◆ Exercise directions: Below are some records; give them all again exactly, but not the pictures.

++++ Source data ++++

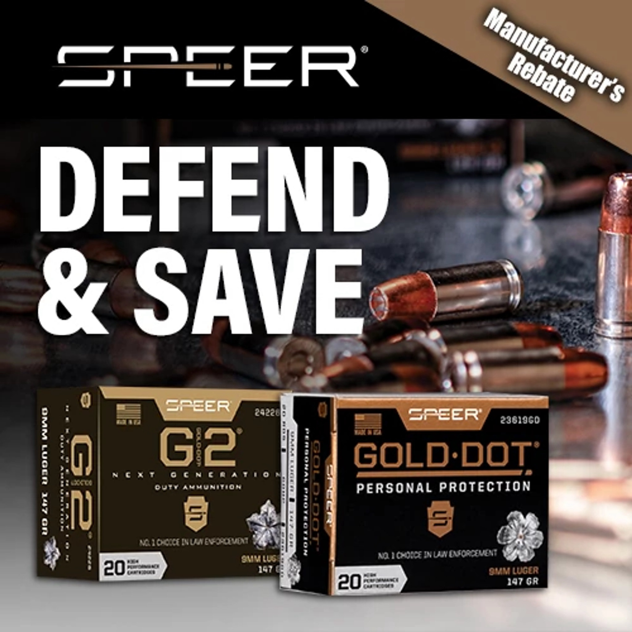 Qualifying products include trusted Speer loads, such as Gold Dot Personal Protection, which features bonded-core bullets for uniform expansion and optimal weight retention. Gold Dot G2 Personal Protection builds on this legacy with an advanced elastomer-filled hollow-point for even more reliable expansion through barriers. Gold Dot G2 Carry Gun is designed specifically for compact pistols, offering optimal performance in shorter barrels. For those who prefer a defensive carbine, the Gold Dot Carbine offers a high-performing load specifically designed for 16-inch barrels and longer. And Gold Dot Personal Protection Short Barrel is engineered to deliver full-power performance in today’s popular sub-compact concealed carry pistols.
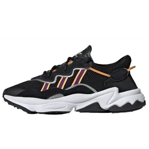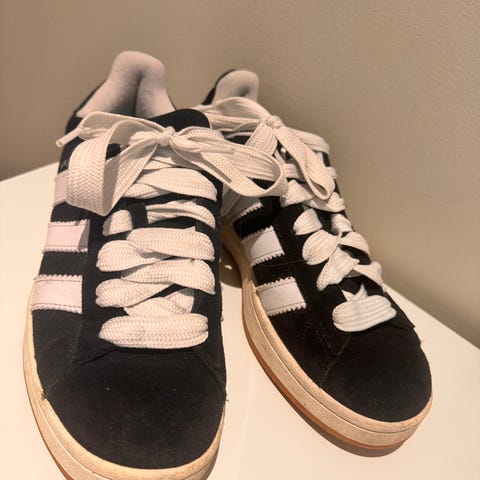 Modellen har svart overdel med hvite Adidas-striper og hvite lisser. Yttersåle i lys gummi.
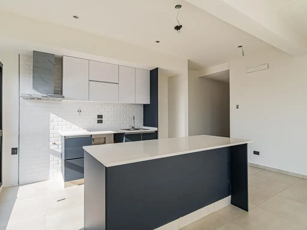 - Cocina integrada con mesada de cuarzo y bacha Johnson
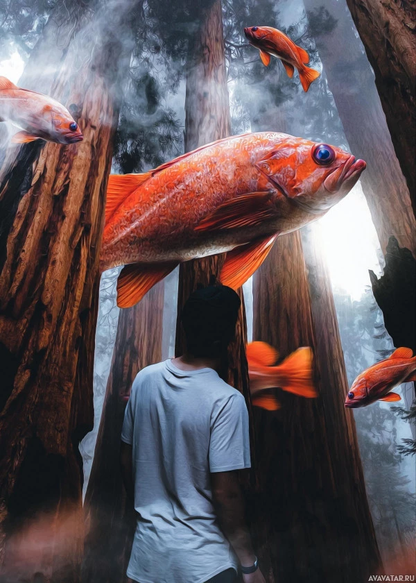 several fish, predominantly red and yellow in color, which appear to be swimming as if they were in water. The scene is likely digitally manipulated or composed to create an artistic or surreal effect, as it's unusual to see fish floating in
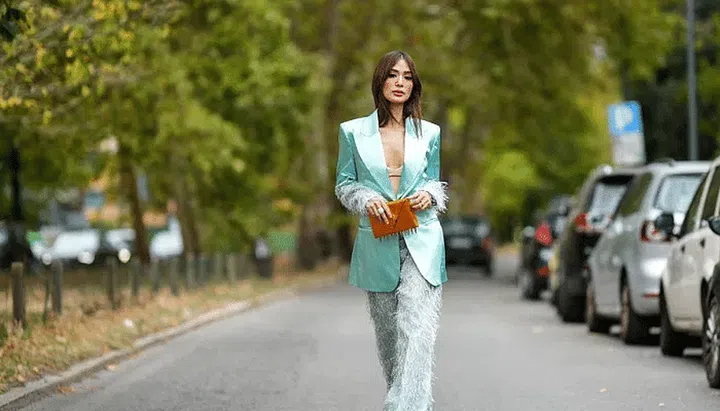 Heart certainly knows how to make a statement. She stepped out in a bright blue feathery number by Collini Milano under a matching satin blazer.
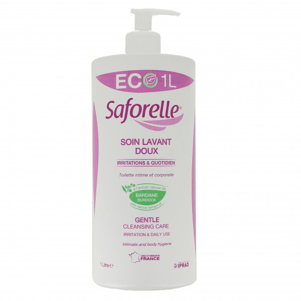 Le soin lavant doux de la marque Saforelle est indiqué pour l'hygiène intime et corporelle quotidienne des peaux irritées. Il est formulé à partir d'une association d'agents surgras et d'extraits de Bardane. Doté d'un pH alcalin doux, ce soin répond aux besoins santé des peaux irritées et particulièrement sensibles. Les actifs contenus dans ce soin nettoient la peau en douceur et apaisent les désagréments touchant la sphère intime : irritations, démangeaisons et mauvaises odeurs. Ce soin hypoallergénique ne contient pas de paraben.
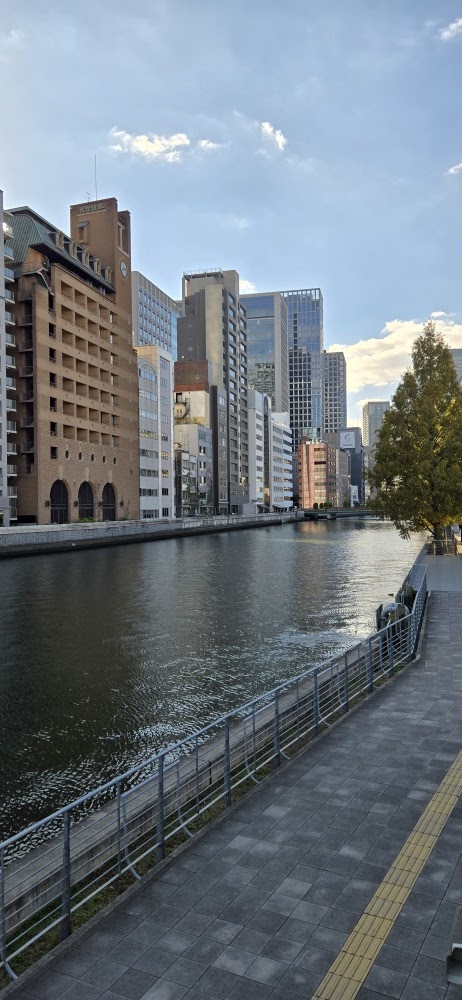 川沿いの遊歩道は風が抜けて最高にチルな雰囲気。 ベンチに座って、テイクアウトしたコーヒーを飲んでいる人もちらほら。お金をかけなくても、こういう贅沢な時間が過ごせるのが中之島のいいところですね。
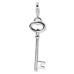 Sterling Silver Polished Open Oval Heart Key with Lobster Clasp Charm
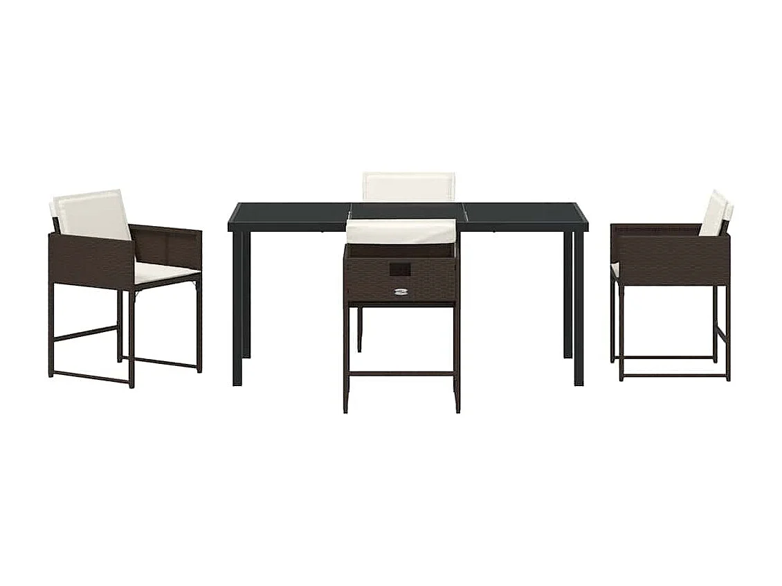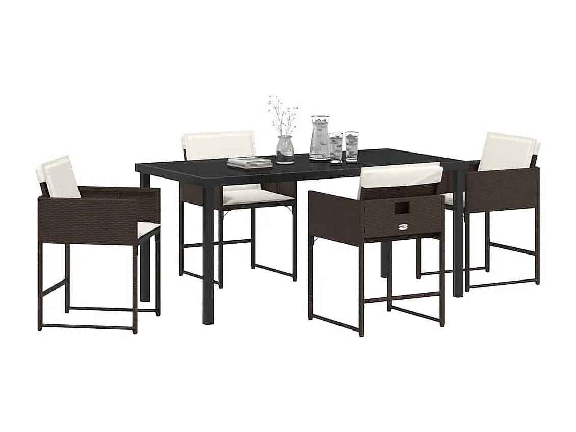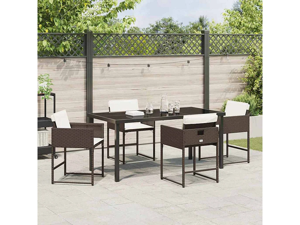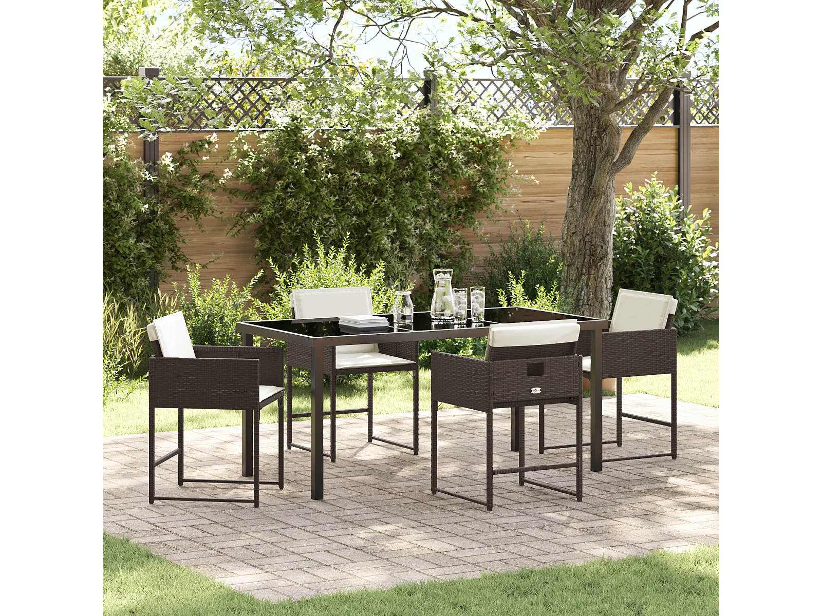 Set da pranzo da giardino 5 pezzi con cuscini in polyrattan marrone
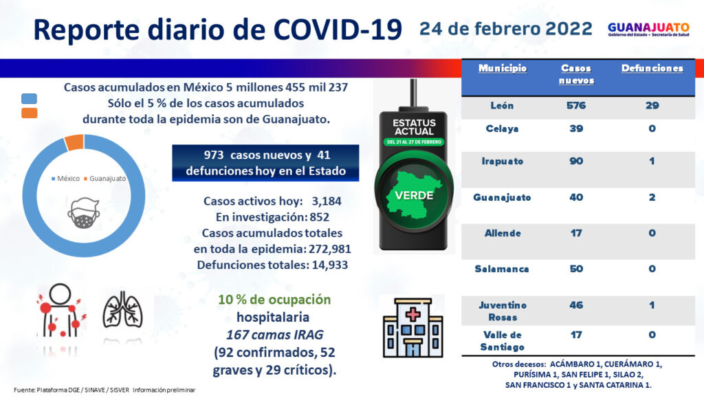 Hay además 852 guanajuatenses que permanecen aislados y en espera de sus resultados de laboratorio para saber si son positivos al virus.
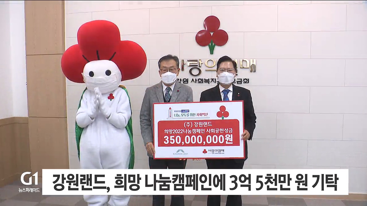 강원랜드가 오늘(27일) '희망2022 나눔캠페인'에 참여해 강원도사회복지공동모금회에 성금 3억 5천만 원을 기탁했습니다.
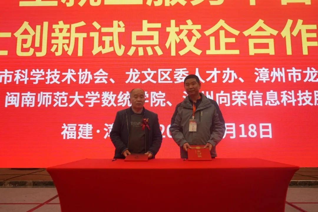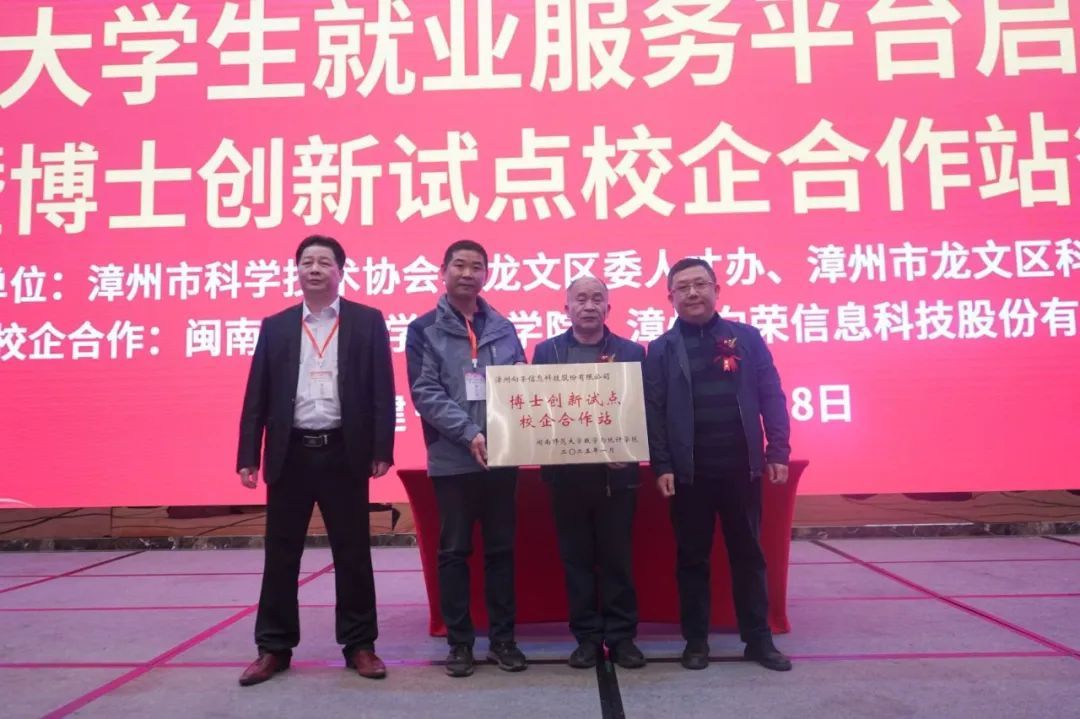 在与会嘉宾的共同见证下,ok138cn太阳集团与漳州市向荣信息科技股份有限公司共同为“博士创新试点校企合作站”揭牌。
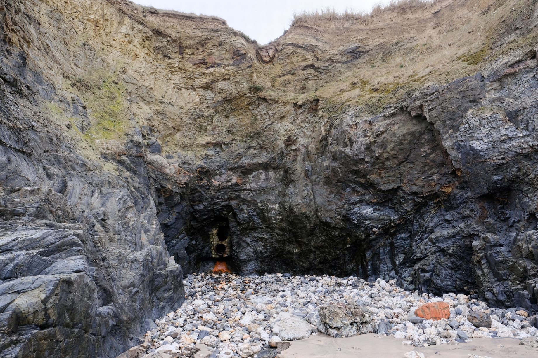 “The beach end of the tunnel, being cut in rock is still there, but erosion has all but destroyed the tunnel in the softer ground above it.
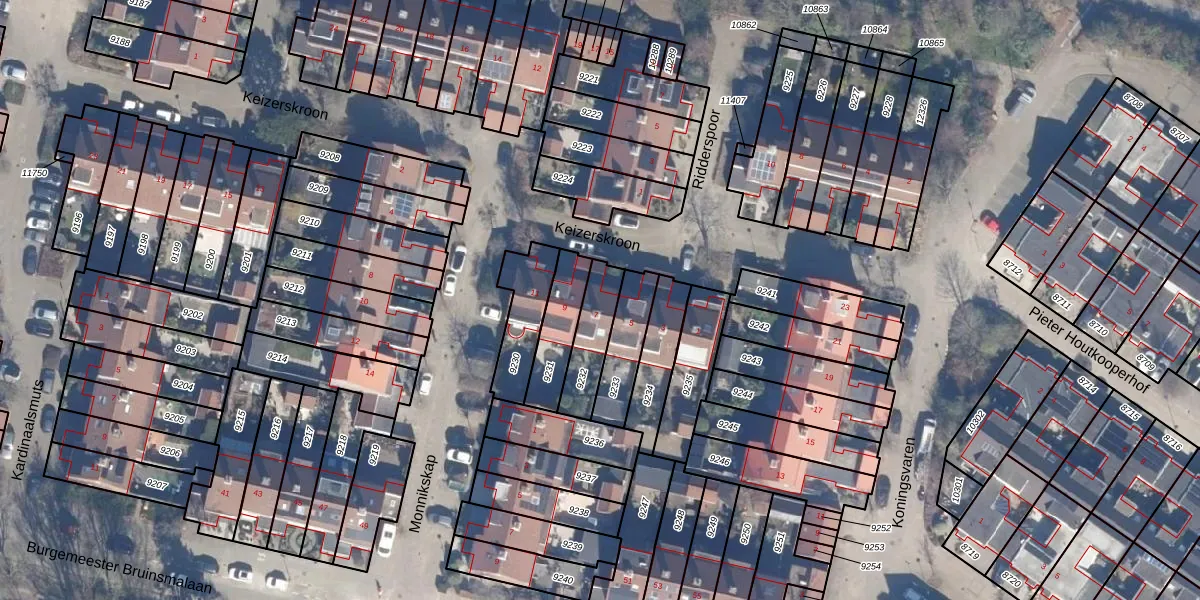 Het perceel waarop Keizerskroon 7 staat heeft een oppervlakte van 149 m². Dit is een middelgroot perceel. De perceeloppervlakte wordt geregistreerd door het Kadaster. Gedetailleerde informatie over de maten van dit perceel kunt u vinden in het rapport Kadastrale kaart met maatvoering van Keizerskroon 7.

++++

◆ Response to this exercise:
 Qualifying products include trusted Speer loads, such as Gold Dot Personal Protection, which features bonded-core bullets for uniform expansion and optimal weight retention. Gold Dot G2 Personal Protection builds on this legacy with an advanced elastomer-filled hollow-point for even more reliable expansion through barriers. Gold Dot G2 Carry Gun is designed specifically for compact pistols, offering optimal performance in shorter barrels. For those who prefer a defensive carbine, the Gold Dot Carbine offers a high-performing load specifically designed for 16-inch barrels and longer. And Gold Dot Personal Protection Short Barrel is engineered to deliver full-power performance in today’s popular sub-compact concealed carry pistols.
 Modellen har svart overdel med hvite Adidas-striper og hvite lisser. Yttersåle i lys gummi.
 - Cocina integrada con mesada de cuarzo y bacha Johnson
 several fish, predominantly red and yellow in color, which appear to be swimming as if they were in water. The scene is likely digitally manipulated or composed to create an artistic or surreal effect, as it's unusual to see fish floating in
 Heart certainly knows how to make a statement. She stepped out in a bright blue feathery number by Collini Milano under a matching satin blazer.
 Le soin lavant doux de la marque Saforelle est indiqué pour l'hygiène intime et corporelle quotidienne des peaux irritées. Il est formulé à partir d'une association d'agents surgras et d'extraits de Bardane. Doté d'un pH alcalin doux, ce soin répond aux besoins santé des peaux irritées et particulièrement sensibles. Les actifs contenus dans ce soin nettoient la peau en douceur et apaisent les désagréments touchant la sphère intime : irritations, démangeaisons et mauvaises odeurs. Ce soin hypoallergénique ne contient pas de paraben.
 川沿いの遊歩道は風が抜けて最高にチルな雰囲気。 ベンチに座って、テイクアウトしたコーヒーを飲んでいる人もちらほら。お金をかけなくても、こういう贅沢な時間が過ごせるのが中之島のいいところですね。
 Sterling Silver Polished Open Oval Heart Key with Lobster Clasp Charm
 Set da pranzo da giardino 5 pezzi con cuscini in polyrattan marrone
 Hay además 852 guanajuatenses que permanecen aislados y en espera de sus resultados de laboratorio para saber si son positivos al virus.
 강원랜드가 오늘(27일) '희망2022 나눔캠페인'에 참여해 강원도사회복지공동모금회에 성금 3억 5천만 원을 기탁했습니다.
 在与会嘉宾的共同见证下,ok138cn太阳集团与漳州市向荣信息科技股份有限公司共同为“博士创新试点校企合作站”揭牌。
 “The beach end of the tunnel, being cut in rock is still there, but erosion has all but destroyed the tunnel in the softer ground above it.
 Het perceel waarop Keizerskroon 7 staat heeft een oppervlakte van 149 m². Dit is een middelgroot perceel. De perceeloppervlakte wordt geregistreerd door het Kadaster. Gedetailleerde informatie over de maten van dit perceel kunt u vinden in het rapport Kadastrale kaart met maatvoering van Keizerskroon 7.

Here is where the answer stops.